F. Hoffmann-La Roche Ltd., doing what just about everyone expected it to do, picked up its option on non-U.S. rights to Genentech Inc.'s cancer drug Avastin.

The positive Avastin data released in May that demonstrated the drug "far exceeded" what it was designed to show in a Phase III metastatic colorectal cancer trial were seen as a watershed event for anti-angiogenesis products and sent South San Francisco-based Genentech's stock up 44.7 percent the day they were made public. There has been plenty of buzz around Avastin since then, including a spirited American Society of Clinical Oncology meeting in Chicago, and Genentech has been riding the wave it created. Most found it difficult to imagine Roche, of Basel, Switzerland, not picking up the option. (See BioWorld Today, May 20, 2003, and June 3, 2002.)

"I'd say this was 100 percent expected," said Cory Kasimov, analyst with New York-based Ryan Beck & Co. Inc.

Although Genentech retains rights in the U.S., Roche will bear the load elsewhere. The FDA in June granted Avastin fast-track status in previously untreated, first-line metastatic colorectal cancer patients and most industry observers anticipate a regulatory filing in the second half of this year. Beyond colorectal cancer, Roche and Genentech will develop Avastin in other tumor types.

Franz Humer, chairman and CEO of Roche, in a prepared statement called Avastin "an ideal supplement to our existing range" of cancer drugs. The companies' history goes back some time. Roche in 1990 acquired most of Genentech through a $492 million investment at $36 per share. On June 30, 1999, Genentech redeemed all its outstanding special common stock held by stockholders other than Roche Holdings Inc. at $20.63 per share in cash, with the funds coming from Roche, thus boosting Roche's ownership of Genentech common stock from 65 percent to 100 percent. In July 1999, Roche sold 22 percent of the Genentech shares in a public offering of 20 million shares at $97 per share, effectively spinning Genentech back out through an offering of nearly $2 billion, not including the overallotment option. Roche further dropped its holding in October 1999 by selling off another 20 million shares at $143.50, raising another $2.87 billion. (See BioWorld Today, June 4, 1999; July 21, 1999; and Oct. 22, 1999.)
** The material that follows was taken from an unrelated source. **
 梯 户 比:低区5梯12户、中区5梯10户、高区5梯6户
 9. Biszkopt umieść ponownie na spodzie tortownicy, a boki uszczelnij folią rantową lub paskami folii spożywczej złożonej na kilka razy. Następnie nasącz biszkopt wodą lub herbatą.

Genentech's stock (NYSE:DNA) rose 94 cents Tuesday to close at $76.49.

Today, Roche maintains a controlling interest in Genentech. As of April 24, Genentech had about 510 million shares outstanding, and on March 31, Roche held 60.1 percent of Genentech's common stock. Genentech receives royalties on sales of Rituxan, Pulmozyme and Herceptin outside of the U.S. and on sales of human growth hormone, Rituxan, Pulmozyme, Activase and TNKase in Canada from Roche.

Potential Avastin sales outside the States now can be added to that list. Although Kasimov couldn't comment on what royalty Roche would pay Genentech for sales abroad, he assumes it's "typically standard" and in the mid-teen range.
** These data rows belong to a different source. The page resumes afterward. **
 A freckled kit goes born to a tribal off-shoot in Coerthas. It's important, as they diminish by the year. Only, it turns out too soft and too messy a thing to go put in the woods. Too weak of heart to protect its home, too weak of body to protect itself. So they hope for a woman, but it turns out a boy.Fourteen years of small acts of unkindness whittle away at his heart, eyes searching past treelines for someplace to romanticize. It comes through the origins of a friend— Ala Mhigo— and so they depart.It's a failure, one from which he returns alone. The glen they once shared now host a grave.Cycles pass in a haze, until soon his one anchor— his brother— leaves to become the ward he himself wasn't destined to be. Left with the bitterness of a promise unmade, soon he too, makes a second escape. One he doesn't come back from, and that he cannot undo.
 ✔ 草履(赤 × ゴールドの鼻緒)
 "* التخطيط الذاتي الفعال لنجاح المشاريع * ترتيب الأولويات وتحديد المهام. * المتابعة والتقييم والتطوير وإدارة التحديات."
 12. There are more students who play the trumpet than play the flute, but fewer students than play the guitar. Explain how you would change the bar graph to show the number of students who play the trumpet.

"Suffice it to say [colorectal cancer] would be a large indication for Genentech in Europe," he told BioWorld Today. In the U.S., he said, once approved, "and we expect once it is filed, it will be approved in short order," he expects Avastin to "very rapidly" become a standard of care for patients with colorectal cancer.

Looking ahead at biotechnology's coming wave of second-quarter earnings reports, Eric Schmidt at SG Cowen Securities Corp. in New York wrote in a research note that Avastin's excitement-generating success in the colorectal trial has provided Genentech with a "can't miss" $1 billion to $2 billion blockbuster and "strong top-line revenue growth for the foreseeable future." Schmidt also lauded the company's pipeline, calling it one of the industry's best (something said about Genentech for years now) with "15 projects in development as well as five in Phase III."

"While Genentech's stock price reflects much success, positive Avastin data in additional indications (expected in 2004) could boost the drug's revenue potential by a significant margin," Schmidt said. "Upcoming events include data from a supportive Phase III Avastin study in front-line colorectal cancer (July), a likely [biologics license application] filing for Avastin (Q3:03), Phase III data on Tarceva in non-small-cell lung cancer (H2:03) and a possible advisory panel meeting on Raptiva."

Tarceva is being developed with OSI Pharmaceuticals Inc., of Melville, N.Y. Raptiva, on file with the FDA for psoriasis, is being developed with Xoma Ltd., of Berkeley, Calif. Noting those drugs as well as the recent approval of the asthma drug Xolair (partnered with Tanox Inc., of Houston, and Novartis Pharma AG, of Basel, Switzerland), Kasimov is impressed with Genentech.

"It's firing on all cylinders right now," he said. "The news flow out of their late-stage pipeline has been tremendous."